In the cross-validation, the naïve Bayes classifier reduced the number of false positives compared to original Mascot identifications by 76% (from 271 to 57) while retaining 97% of true positives (1968 out of 2038). Similar results were obtained when using the independent validation set (51% reduction of false positives (from 63 to 26); and 94% retention of true positives (273 out of 290)). The differences between the prediction methods are not significant, which indicates that the features used are informative for classifying the MS/MS spectra.
The classifiers are able to process multiply phosphorylated spectra. In the independent validation dataset, there were 52 multiply phosphorylated spectra, of which Mascot incorrectly assigned 21 and correctly 31 spectra (40% false positives).

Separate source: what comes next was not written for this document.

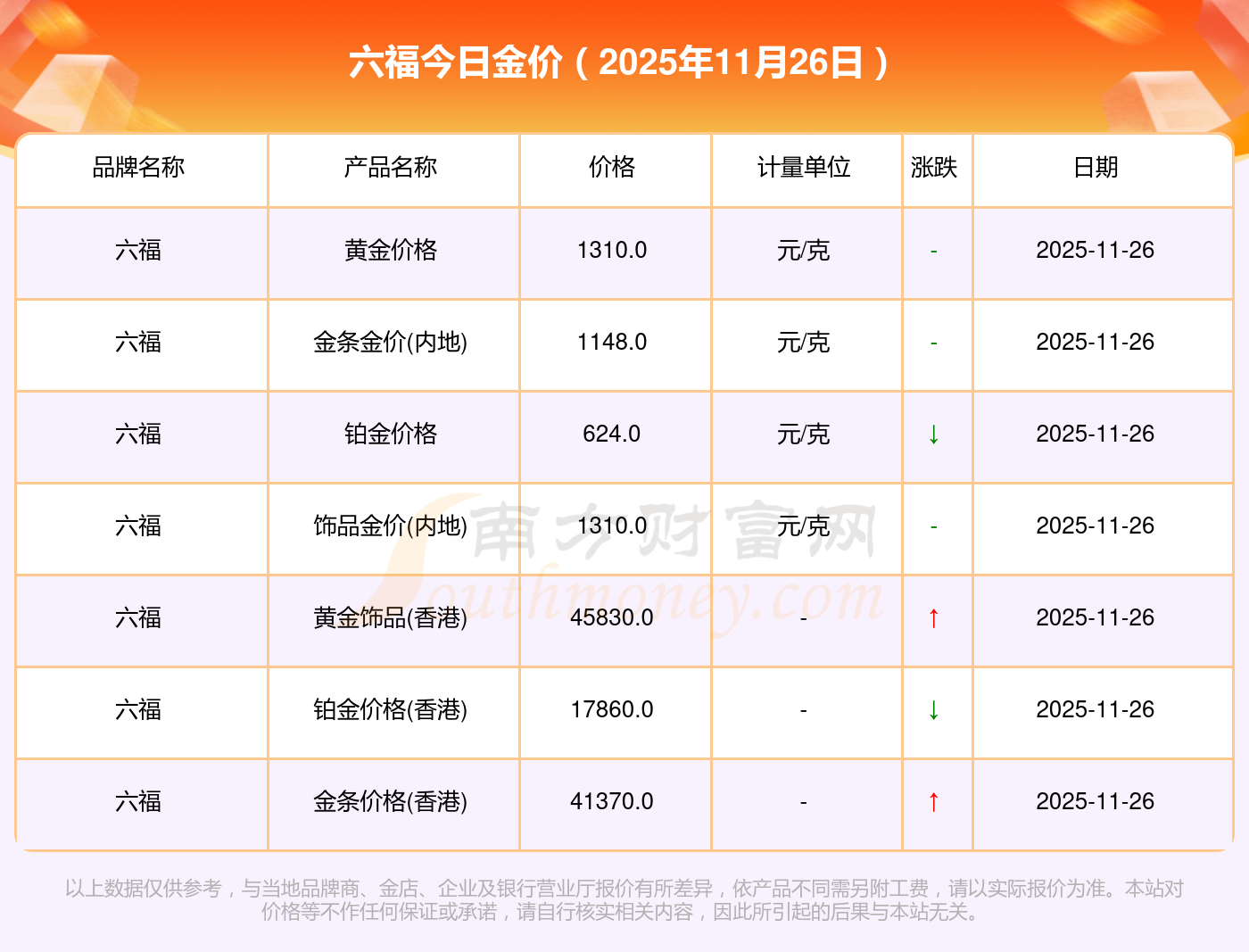 2025年11月26日六福今日價(jià)格:黃金價(jià)格1312.0元/克,鉑金價(jià)格624.0元/克,飾品金價(jià)(內(nèi)地)1312.0元/克,黃金飾品(香港)45880.0,鉑金價(jià)格(香港)17860.0,金條價(jià)格(香港)41380.0,金條金價(jià)(內(nèi)地)1148.0元/克,黃金價(jià)格1315.0元/克,鉑金價(jià)格600.0元/克,足金價(jià)格1315.0元/克,黃金價(jià)格1278.0元/克。

PhoMSVal with the naïve Bayes method reduced the number of false positives to 4 (18% false positives) while retaining 18 (58%) of the true positives.
The majority of the currently available peptide identification methods, such as Ascore, PhosphoScore and DeBunker are designed for SEQUEST data and cannot be directly used with Mascot data. However, to mimic DeBunker we used the SVM classifier in Weka with eight features and parameters delineated in [
23]. The classification accuracy for the cross-validation was 86.1% (AUC 69.4% and PPV 92.9%) and for the independent dataset 79.6% (AUC 58.4% and PPV 84.9%).